PROBLEM TO SOLVE: Reproduce every entry exactly and leave its pictures out.

Stored entries
▼▼▼

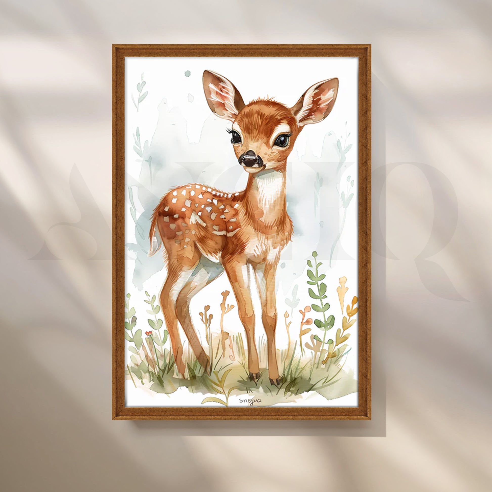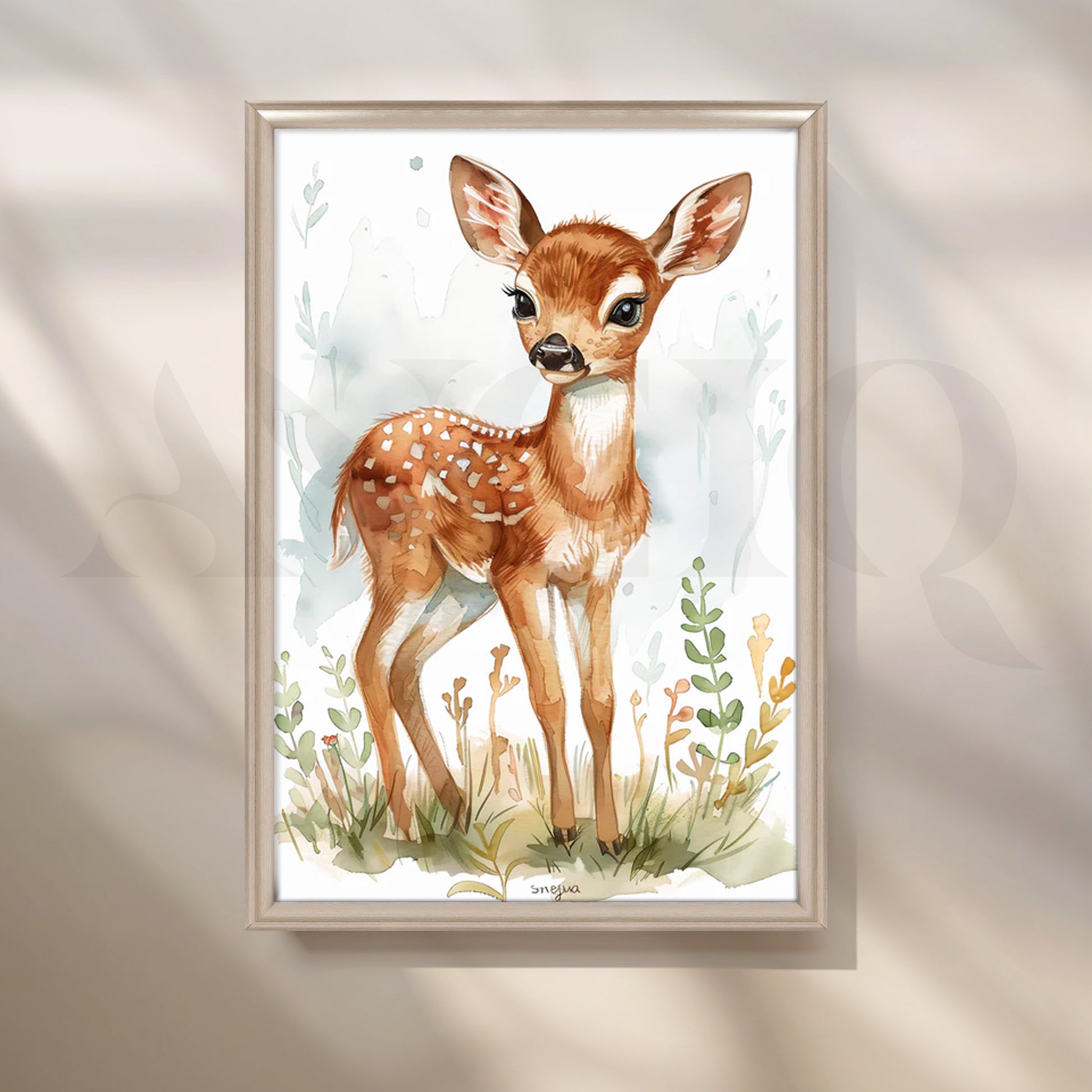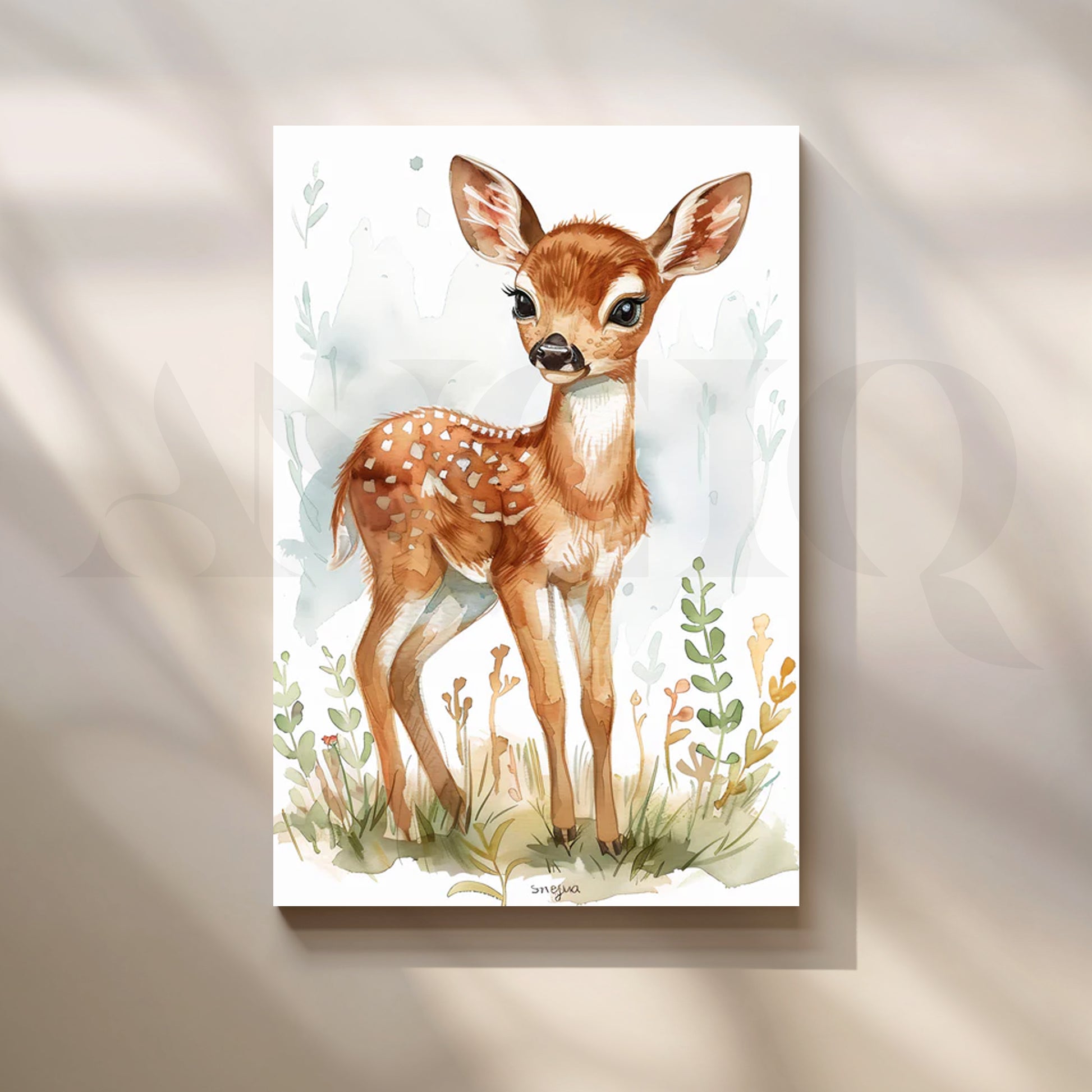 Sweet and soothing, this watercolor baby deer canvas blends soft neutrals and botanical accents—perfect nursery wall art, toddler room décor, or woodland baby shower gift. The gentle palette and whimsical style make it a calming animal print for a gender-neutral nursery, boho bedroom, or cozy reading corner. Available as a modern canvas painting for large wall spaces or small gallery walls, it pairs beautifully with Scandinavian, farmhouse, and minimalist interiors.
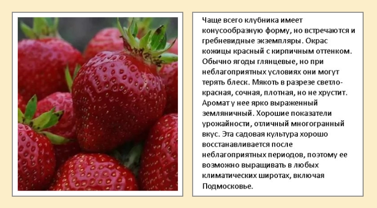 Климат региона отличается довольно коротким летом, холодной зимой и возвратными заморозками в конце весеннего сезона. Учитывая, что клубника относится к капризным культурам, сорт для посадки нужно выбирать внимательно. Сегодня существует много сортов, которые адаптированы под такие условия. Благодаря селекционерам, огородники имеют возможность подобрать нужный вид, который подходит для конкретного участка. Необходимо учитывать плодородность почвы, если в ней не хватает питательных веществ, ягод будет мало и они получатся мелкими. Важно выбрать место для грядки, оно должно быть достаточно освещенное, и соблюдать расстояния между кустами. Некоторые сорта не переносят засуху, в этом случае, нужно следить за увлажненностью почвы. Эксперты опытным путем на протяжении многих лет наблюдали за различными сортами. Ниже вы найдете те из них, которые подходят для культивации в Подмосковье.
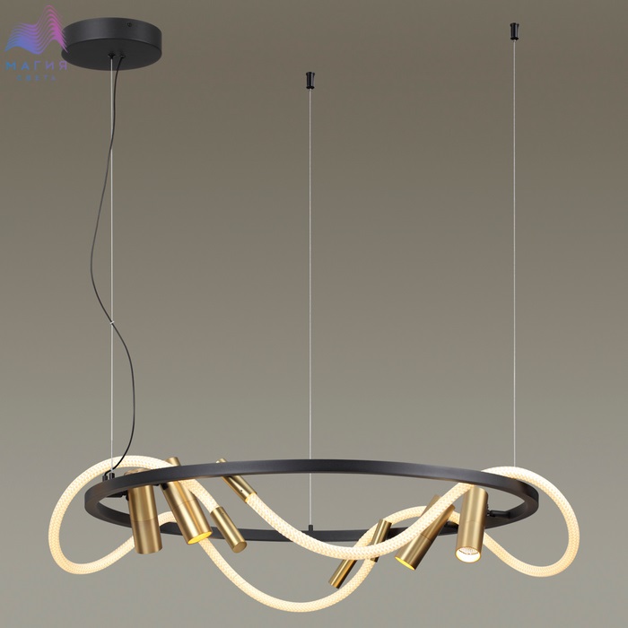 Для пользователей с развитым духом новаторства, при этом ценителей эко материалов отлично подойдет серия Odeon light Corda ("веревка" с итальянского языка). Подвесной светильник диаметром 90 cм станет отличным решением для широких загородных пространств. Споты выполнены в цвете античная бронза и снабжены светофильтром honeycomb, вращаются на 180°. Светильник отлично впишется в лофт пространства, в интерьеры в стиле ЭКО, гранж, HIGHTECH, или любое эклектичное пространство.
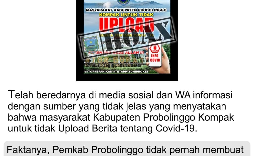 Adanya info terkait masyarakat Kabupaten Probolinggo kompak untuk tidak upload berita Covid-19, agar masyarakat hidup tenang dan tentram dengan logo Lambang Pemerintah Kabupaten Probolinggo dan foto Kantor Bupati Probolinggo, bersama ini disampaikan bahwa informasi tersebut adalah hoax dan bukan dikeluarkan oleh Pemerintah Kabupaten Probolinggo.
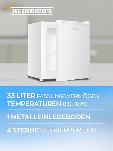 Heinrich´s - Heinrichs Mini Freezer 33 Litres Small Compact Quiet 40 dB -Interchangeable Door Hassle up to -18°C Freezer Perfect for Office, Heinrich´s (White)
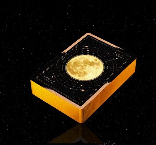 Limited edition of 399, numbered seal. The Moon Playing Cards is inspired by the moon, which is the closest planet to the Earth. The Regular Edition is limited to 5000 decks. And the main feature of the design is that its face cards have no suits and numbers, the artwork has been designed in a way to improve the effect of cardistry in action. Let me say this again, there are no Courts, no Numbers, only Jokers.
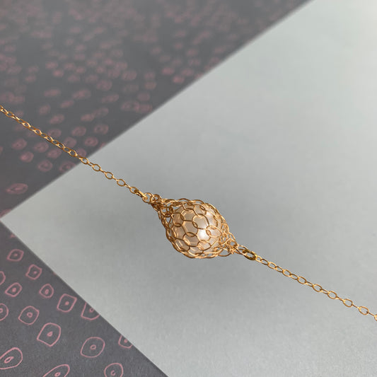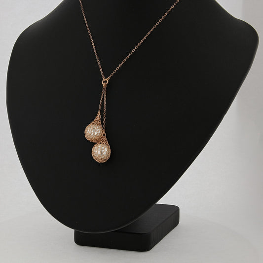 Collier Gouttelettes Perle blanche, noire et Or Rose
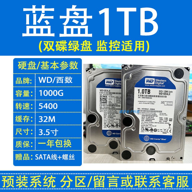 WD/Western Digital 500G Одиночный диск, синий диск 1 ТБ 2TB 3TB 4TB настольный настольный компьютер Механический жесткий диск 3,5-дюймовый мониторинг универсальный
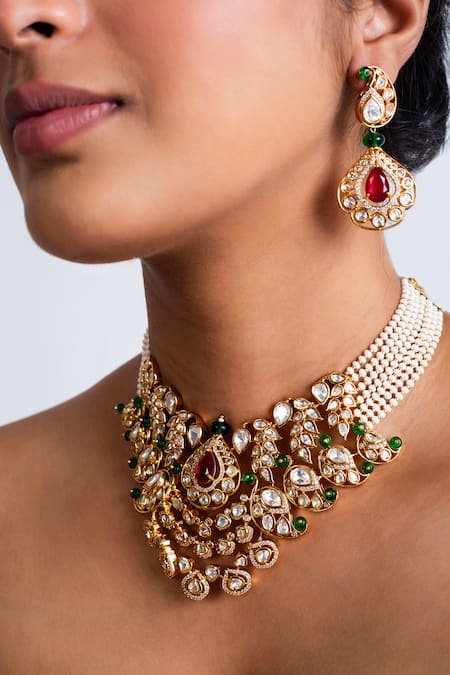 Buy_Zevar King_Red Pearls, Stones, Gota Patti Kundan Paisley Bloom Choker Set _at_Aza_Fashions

▲▲▲

EXERCISE RESPONSE:
 Sweet and soothing, this watercolor baby deer canvas blends soft neutrals and botanical accents—perfect nursery wall art, toddler room décor, or woodland baby shower gift. The gentle palette and whimsical style make it a calming animal print for a gender-neutral nursery, boho bedroom, or cozy reading corner. Available as a modern canvas painting for large wall spaces or small gallery walls, it pairs beautifully with Scandinavian, farmhouse, and minimalist interiors.
 Климат региона отличается довольно коротким летом, холодной зимой и возвратными заморозками в конце весеннего сезона. Учитывая, что клубника относится к капризным культурам, сорт для посадки нужно выбирать внимательно. Сегодня существует много сортов, которые адаптированы под такие условия. Благодаря селекционерам, огородники имеют возможность подобрать нужный вид, который подходит для конкретного участка. Необходимо учитывать плодородность почвы, если в ней не хватает питательных веществ, ягод будет мало и они получатся мелкими. Важно выбрать место для грядки, оно должно быть достаточно освещенное, и соблюдать расстояния между кустами. Некоторые сорта не переносят засуху, в этом случае, нужно следить за увлажненностью почвы. Эксперты опытным путем на протяжении многих лет наблюдали за различными сортами. Ниже вы найдете те из них, которые подходят для культивации в Подмосковье.
 Для пользователей с развитым духом новаторства, при этом ценителей эко материалов отлично подойдет серия Odeon light Corda ("веревка" с итальянского языка). Подвесной светильник диаметром 90 cм станет отличным решением для широких загородных пространств. Споты выполнены в цвете античная бронза и снабжены светофильтром honeycomb, вращаются на 180°. Светильник отлично впишется в лофт пространства, в интерьеры в стиле ЭКО, гранж, HIGHTECH, или любое эклектичное пространство.
 Adanya info terkait masyarakat Kabupaten Probolinggo kompak untuk tidak upload berita Covid-19, agar masyarakat hidup tenang dan tentram dengan logo Lambang Pemerintah Kabupaten Probolinggo dan foto Kantor Bupati Probolinggo, bersama ini disampaikan bahwa informasi tersebut adalah hoax dan bukan dikeluarkan oleh Pemerintah Kabupaten Probolinggo.
 Heinrich´s - Heinrichs Mini Freezer 33 Litres Small Compact Quiet 40 dB -Interchangeable Door Hassle up to -18°C Freezer Perfect for Office, Heinrich´s (White)
 Limited edition of 399, numbered seal. The Moon Playing Cards is inspired by the moon, which is the closest planet to the Earth. The Regular Edition is limited to 5000 decks. And the main feature of the design is that its face cards have no suits and numbers, the artwork has been designed in a way to improve the effect of cardistry in action. Let me say this again, there are no Courts, no Numbers, only Jokers.
 Collier Gouttelettes Perle blanche, noire et Or Rose
 WD/Western Digital 500G Одиночный диск, синий диск 1 ТБ 2TB 3TB 4TB настольный настольный компьютер Механический жесткий диск 3,5-дюймовый мониторинг универсальный
 Buy_Zevar King_Red Pearls, Stones, Gota Patti Kundan Paisley Bloom Choker Set _at_Aza_Fashions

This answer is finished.